Шестого февраля 1797 года, после развода войск, Павел отдал приказ: «Фельдмаршал граф Суворов, отнесясь его императорскому величеству, что так как войны нет — ему нечего делать, за подобный отзыв отставляется от службы».

Были в его жизни раньше случаи, когда он обязан был отстоять свою честь и собственное достоинство?

Екатерина, еще до того, как за Польский поход и взятие Варшавы удостоила Суворова звания фельдмаршала, щедро его награждала за громкие победы. Только за Очаков он, единственный из участников штурма, ничего не получил. Князь Таврический, желая проучить самоуправца, не внес его имя в наградные бумаги.

Однако потемкинский гнев остыл, и награды вновь находили героя.

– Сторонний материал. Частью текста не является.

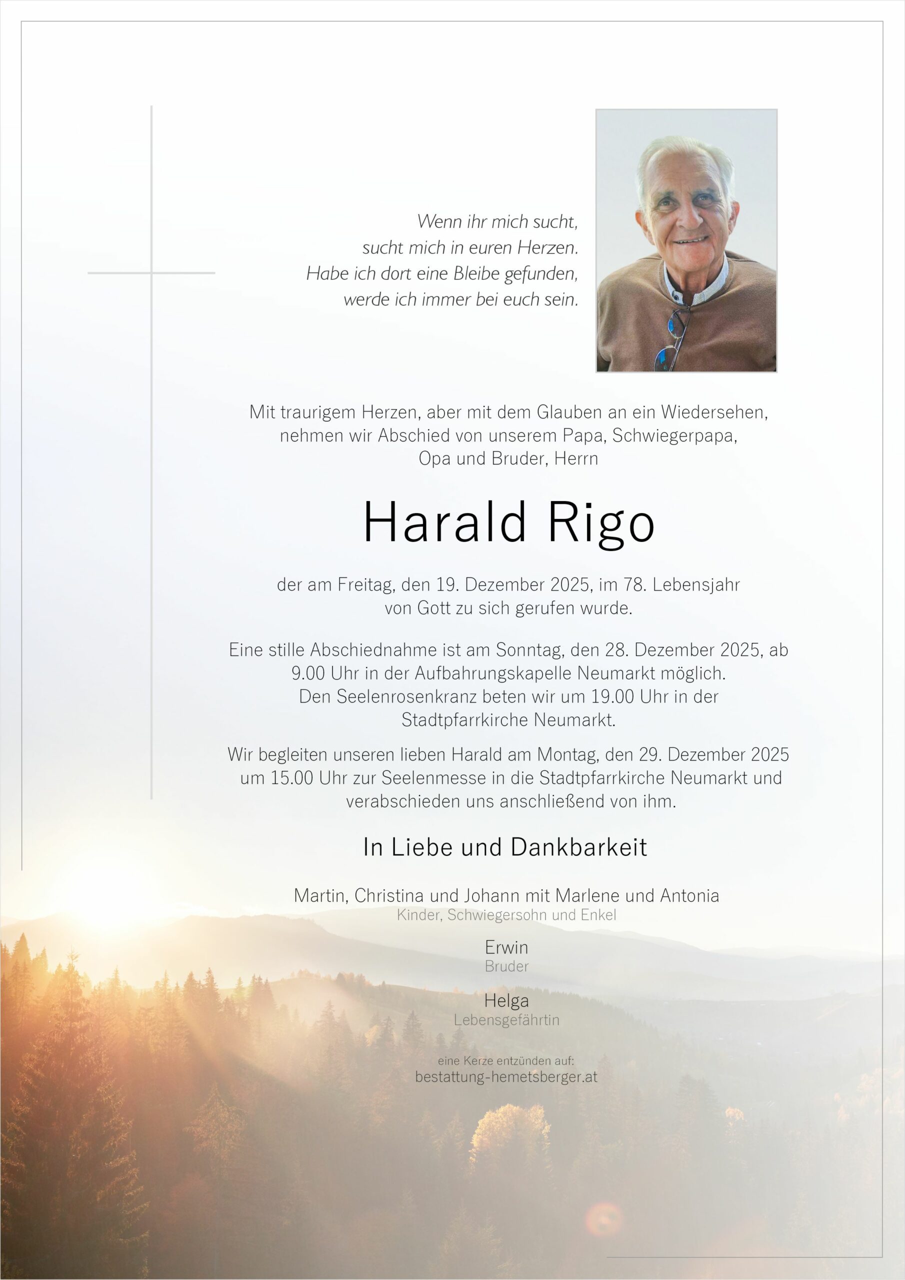 Lieber Harry! Ein Licht soll dich auf deine letzte Reise begleiten! Du wirst mir immer als guter Freund und Nachbar in Erinnerung bleiben. Ein aufrichtiges Beileid den Angehörigen, Norbert Leitinger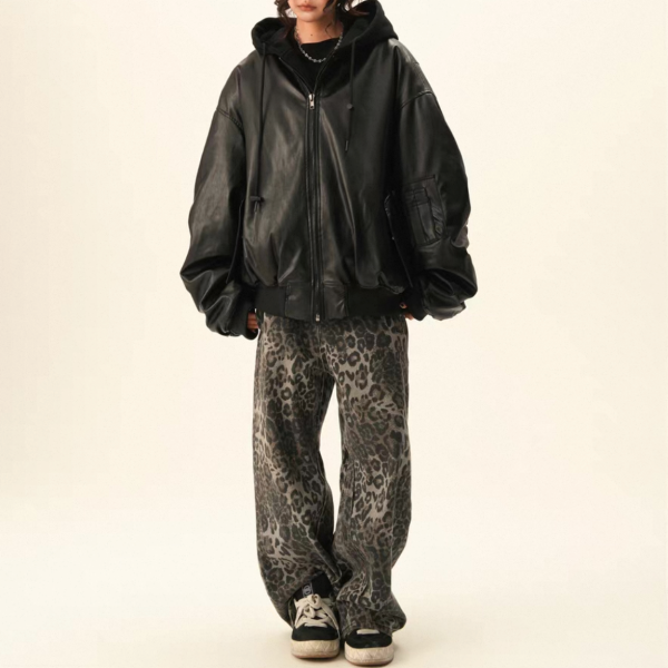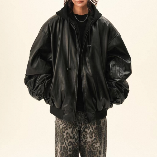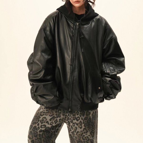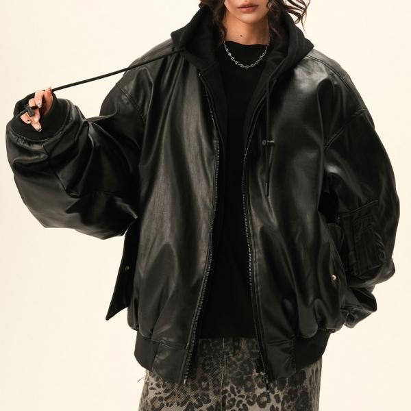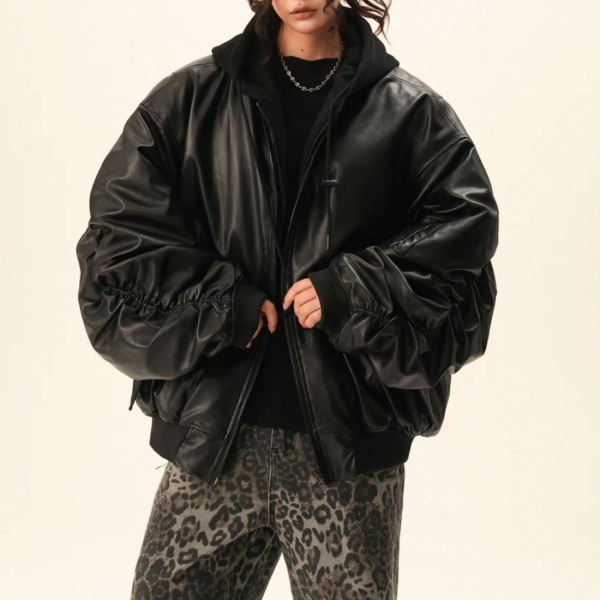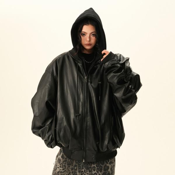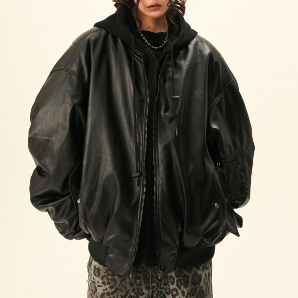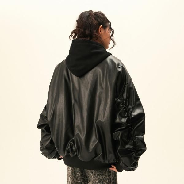 BWKA ユニセックス ビンテージ古着風 オーバーサイズ シャーリングスリーブ ギャザースリーブ ジッパー ジップアップ ファスナー レザーブルゾン レイヤード 重ね着風 パーカー フーディー レザージャケット ボンバージャケット ワンホンが入荷しました。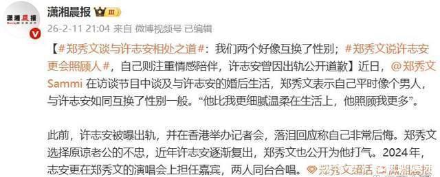 据媒体报道,近日在访谈节目中,郑秀文首次深入剖析与许志安复合后的婚姻状态,一句“我们的相处像是互换了性别”,揭开了这段历经风雨的关系中,更为私密与颠覆的互补图景。身边好友得知他们复合后,“都替她开心”,而这开心的背后,是一场关于照料、原谅与角色重塑的漫长跋涉。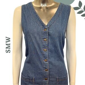 SMW Style My Way Sleeveless Button-Front Denim Dress – Size Medium
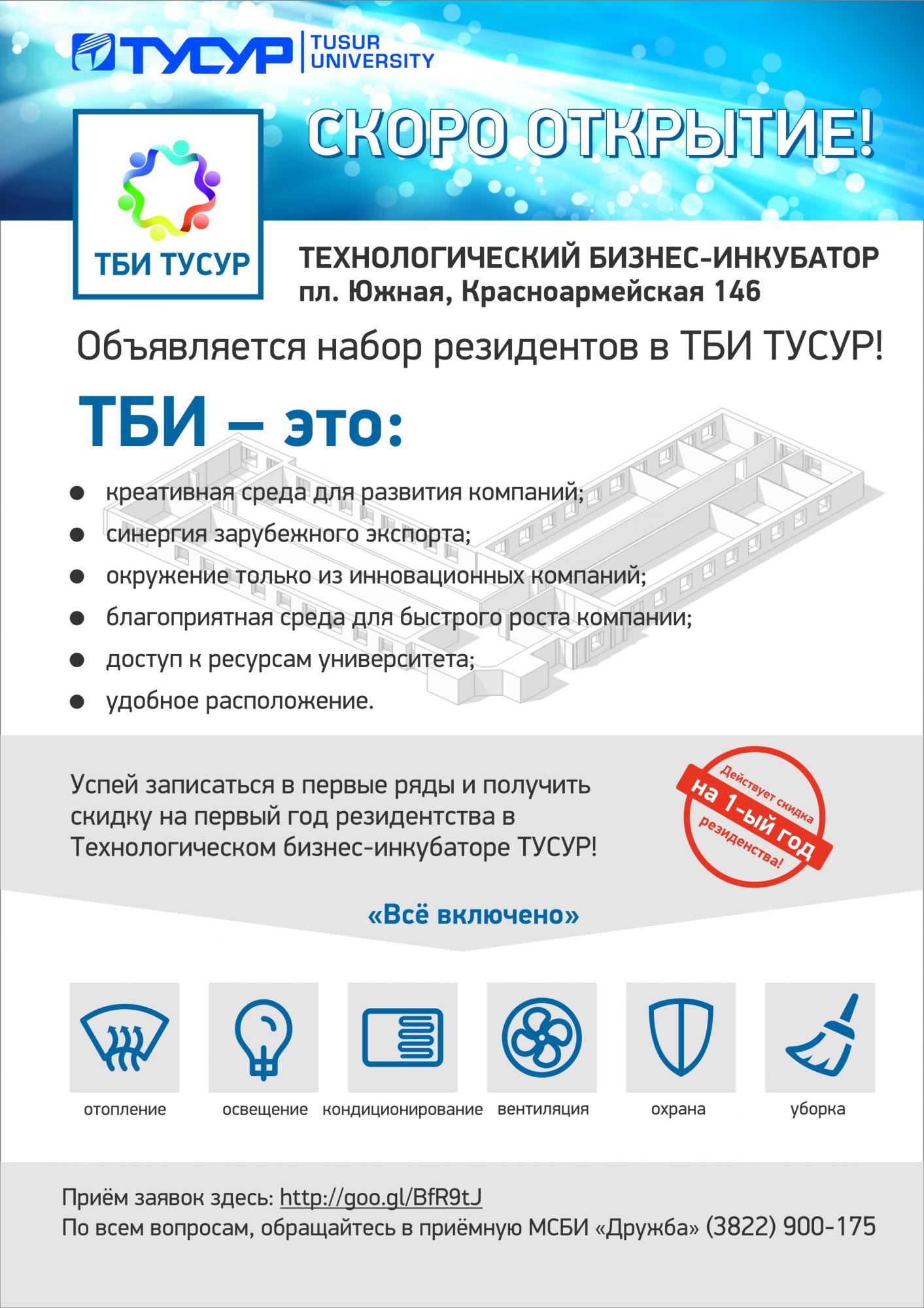 Друзья, объявляется набор резидентов в Технологический бизнес-инкубатор ТУСУР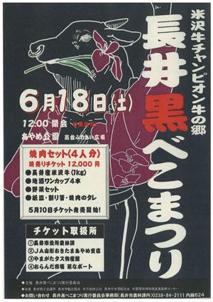 6月18日(土)にあやめ公園高台ふれあい広場にて「長井黒べこまつり」が開催されます(^O^)日本の和牛の中でも最高ランクに位置する黒毛和牛の「米沢牛」。毎年3回、チャンピオン牛を決める「米沢牛枝肉共進会」が行われており、長井市産の米沢牛も過去何回もチャンピオン牛を輩出しています(^▽^)そんな米沢牛で焼肉を堪能する「長井黒べこまつり」に参加しませんか?(^^)+++++++++++++++++++++++++++++日 時 6月18日(土)12:00開会(11:30受付開始)会 場 あやめ公園高台ふれあい広場入場券 12,000円(1セット4人分) 限定88枚内 容 長井産米沢牛(1Kg)、野菜セット、地酒ワンカップ4本(箸・皿・タレ込)※お飲み物については会場屋台でお求めいただけます。+++++++++++++++++++++++++++++チケットは長井市農林課、JA山形おきたまあやめ支店、やまがたタス物産館、おらんだ市場菜なポートでお求め頂けます!▼昨年は青空の下でたくさんの参加者が美味しい焼肉を楽しみました▼贅沢!昨年はチケットもすぐ完売してしまいました...のでお求めはお早めに!!【この記事は、ながいファン倶楽部のブログです】☆毎月1日・15日にファン倶楽部会員様へメールマガジンを配信♪▼お申込はこちらから!*.*:*.*:*.*:* がんばろう東北!がんばろう日本! *.*:*.*:*.*.*ながいファン倶楽部チャリティーポストカードセットはこちらから震災における長井市の対応はこちらから(長井市ホームページ)長井市災害避難者支援ボランティア本部のブログはこちらから長井市でも支援の輪が広がっています→こちらからどうぞ長井市生活情報マップはこちらから仕事を提供するという支援〜サイトーモールド被災地への義援金についてはこちらから地震関係Q&A(山形県ホームページ)計画停電について(東北電力ホームページ)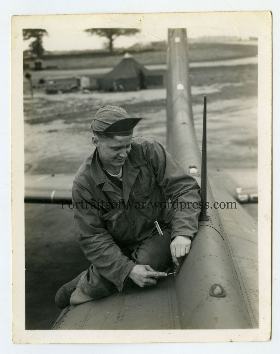 WWII 388th Bomb Group Post – Radio Mechanic Cpl. Roland Downs Fixing a B-17 in Knettishall, England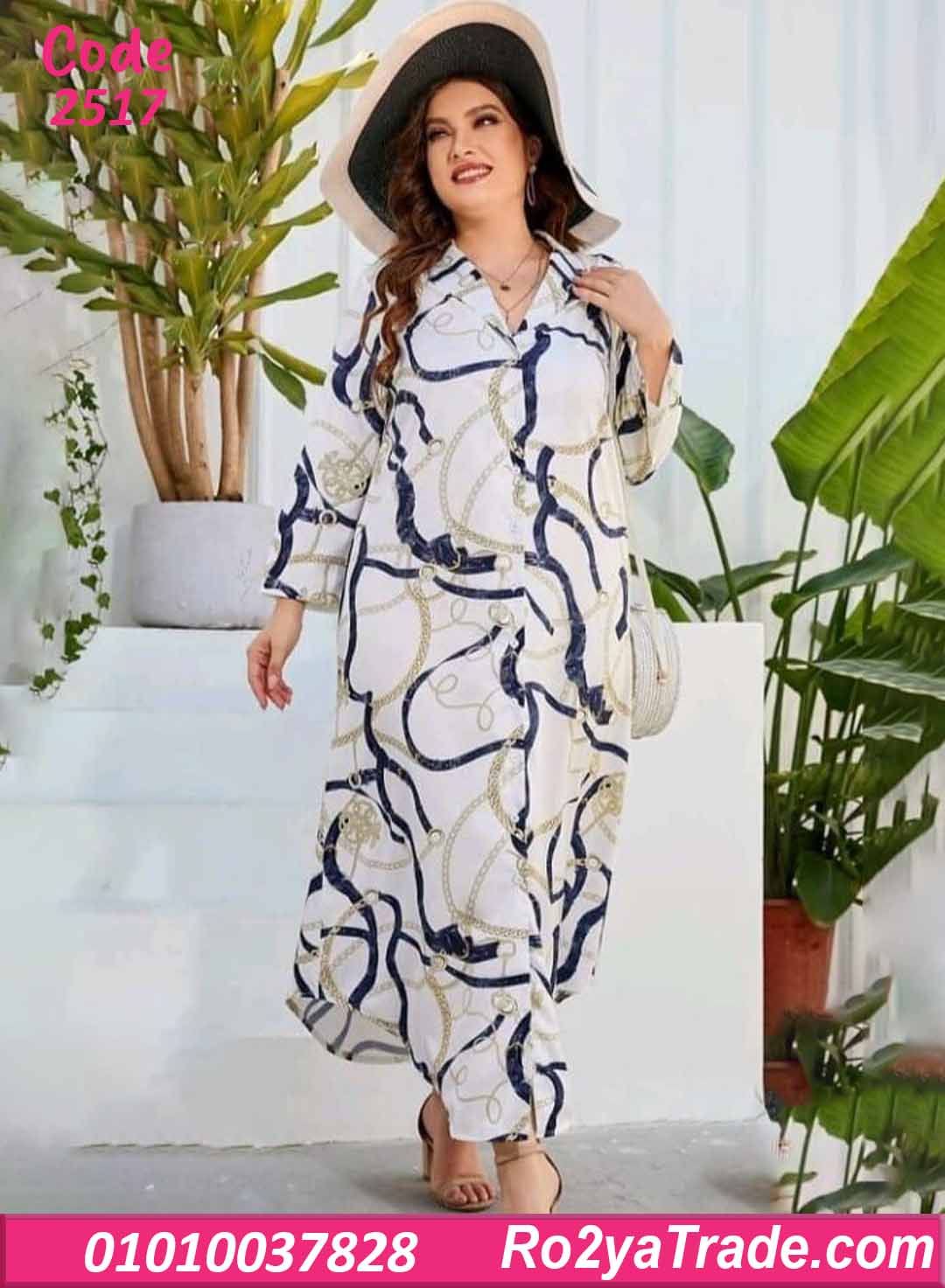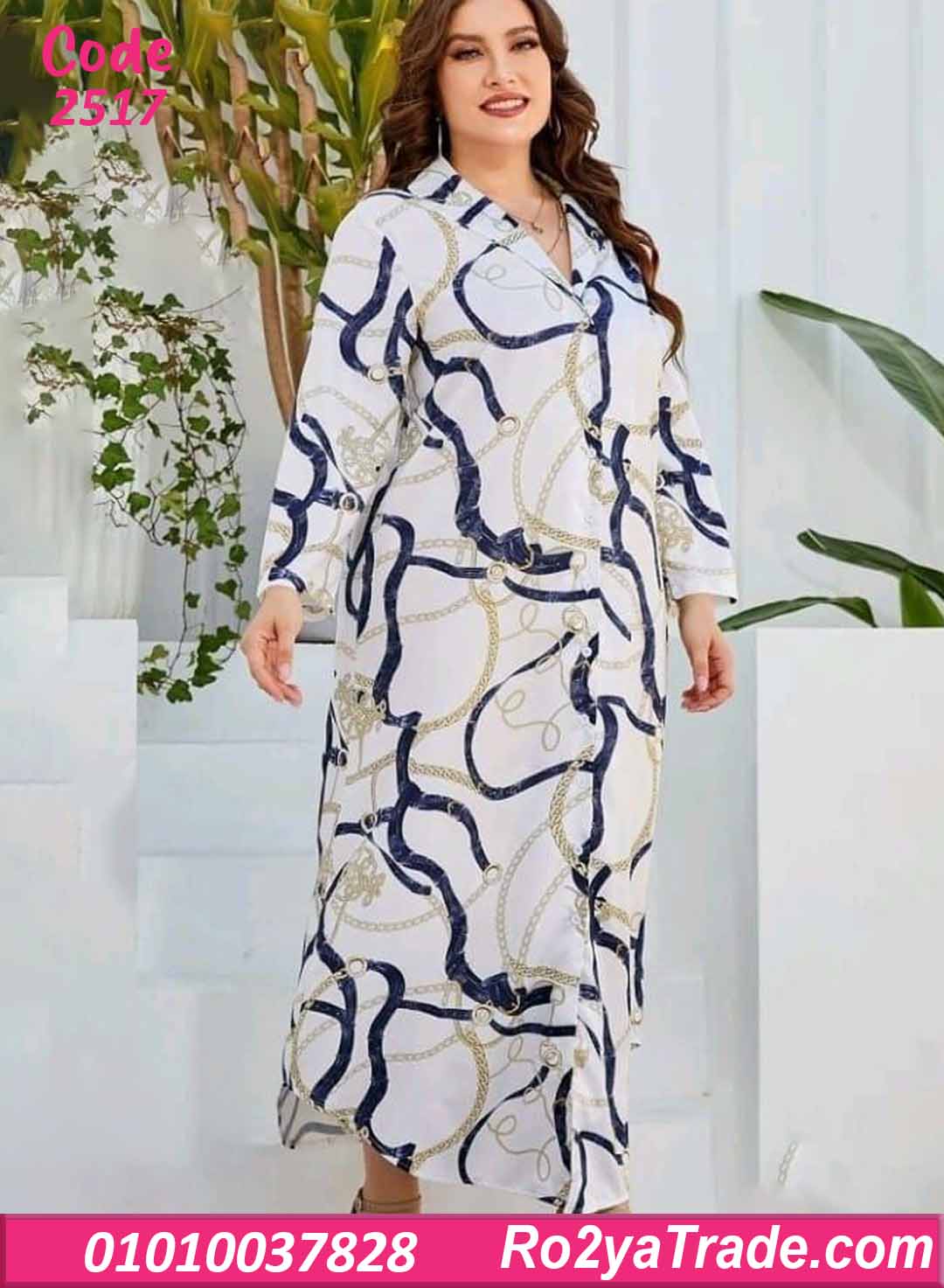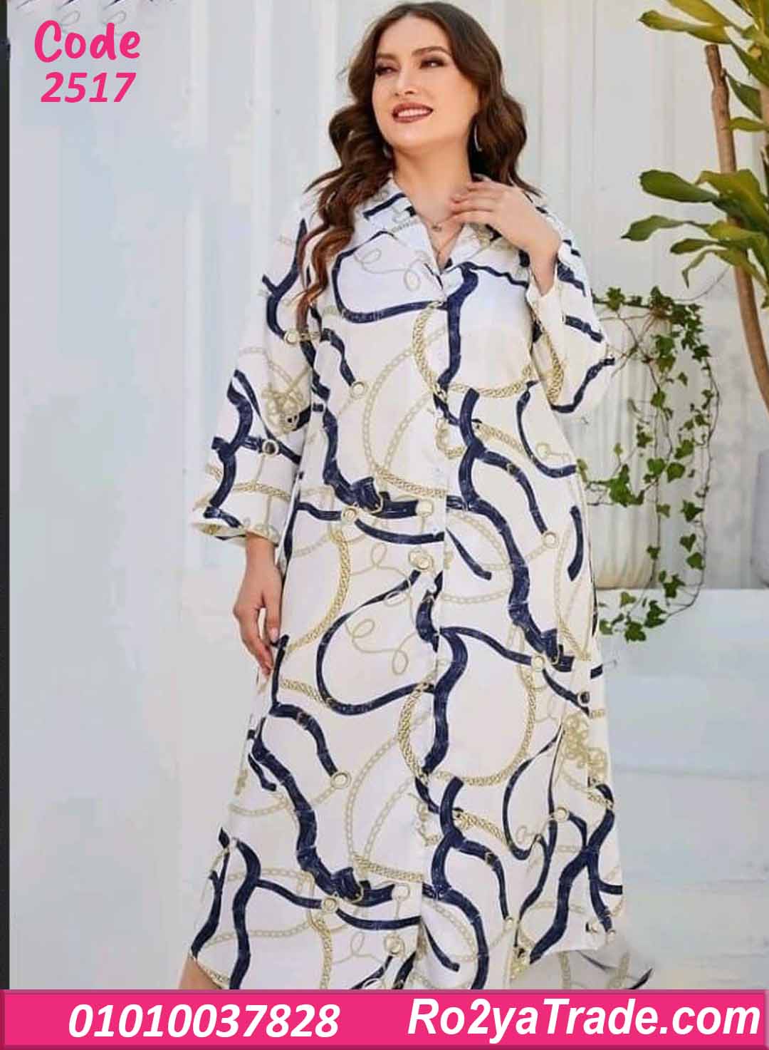 بكم طويل وياقة قميص شيك مع أزرار قدام. النقشة عبارة عن سلاسل بدرجات الكحلي والذهبي على أرضية أوف وايت، مدياله طابع فخم ومناسب جدًا للبحر والمصيف.

Через год после Очакова за победу под Рымником императрица возвела полководца в графское достоинство с титулом «Рымникский». А также наградила бриллиантовыми знаками Андреевского ордена, шпагою с бриллиантами и надписью: «Победителю визиря», бриллиантовым же эполетом и орденом Святого Георгия, первого, самого высшего класса.

Потемкину она написала: «Хотя целая тележка с бриллиантами уже накладена, однако кавалерию Егорья большого креста посылаю по твоей просьбе, он того достоин».

Да, он, Потемкин, просил высший знак военной доблести для человека, с которым не раз скрещивал копья.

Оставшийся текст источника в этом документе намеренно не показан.